Product Analytics event pipeline should be more resilient to Snowplow events that do not match our schema
Summary
An onboarding user tried to send Snowplow-compatible events to the prod-1
collector, without using an SDK. While the event was compliant with Snowplow schemas, Clickhouse – as it currently connects to Kafka to ingest events – got stuck trying to process events that did not match our schema, and therefore all event storage was halted.
Details
Event collection was working normally until an onboarding customer tried sending an event that did not match our schema:
curl -v \
--request POST \
--url https://collector.prod-1.gl-product-analytics.com/com.snowplowanalytics.snowplow/tp2 \
--header 'Content-Type: application/json' \
--data '{
"schema": "iglu:com.snowplowanalytics.snowplow/payload_data/jsonschema/1-0-4",
"data": [
{
"e": "pv",
"url": "https://gitlab.com/groups/namespace3628337/-/epics/5",
"page": "GitLab7",
"aid": "gp-9Xv1xHeFInHNDSqpSEQ",
"eid": "74427589-7c3a-4f56-8193-3e436f1d205b",
"dtm": "1692871226000",
"p": "web",
"uid": "user",
"vid": "2",
"cd": "24",
"vp": "600x400",
"tv": "js-3.6.0"
}
]
}'
This was determined valid and put into the good
Kafka topic in our event collection pipeline. It was then processed through snowplow-enricher
, then placed into the enriched
topic.
Currently, in our Product Analytics stack, Clickhouse subscribes to Kafka topics, and saves them to a table. (This may change with https://gitlab.com/gitlab-org/analytics-section/product-analytics/analytics-stack/-/issues/50+, as the reverse needs to happen, as Clickhouse Cloud cannot connect to Kafka clusters)
Since the snowplow_queue
events table has a specific set of columns, these events deemed "good" were unable to be inserted, as they were missing too much information to be put into the table.

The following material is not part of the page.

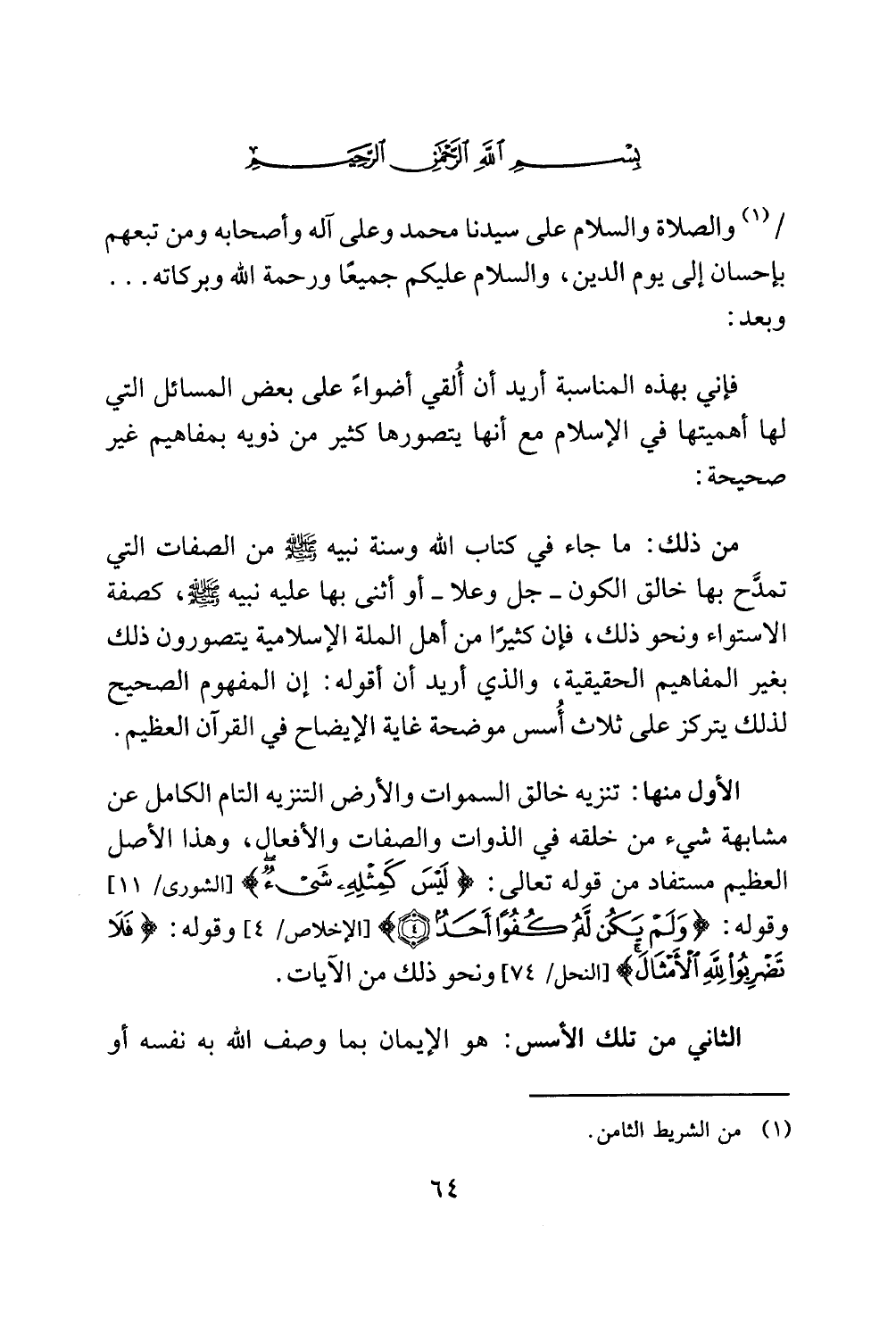 ] لثاني من تلك الاسس: هو الايمان بما وصف الله به نفسه أ و

As a result, all event processing stalled from 15:10 to 19:15 UTC, as Clickhouse was unable to move from the problematic events.
By debugging the Clickhouse logs, we were able to identify the problematic offsets in the Kafka logs, and delete the records causing the issue. No other events were lost.
Since we are planning to support other SDKs that don't have browser-specific properties, we should make sure that inserts should still be able to happen if the schemas do not match exactly.
Proposal
- Make sure Snowplow events are properly categorized into the
bad
andgood
topics. - Ensure compatibility with events sent through any of our other SDKs.
References/Links
- Slack thread of the originating event
-
Slack thread tracking the incident
- The slack thread includes an event dump of the events around the time the pipeline stalled, it's worth noting the
page_view
events were the ones that specifically caused the issue.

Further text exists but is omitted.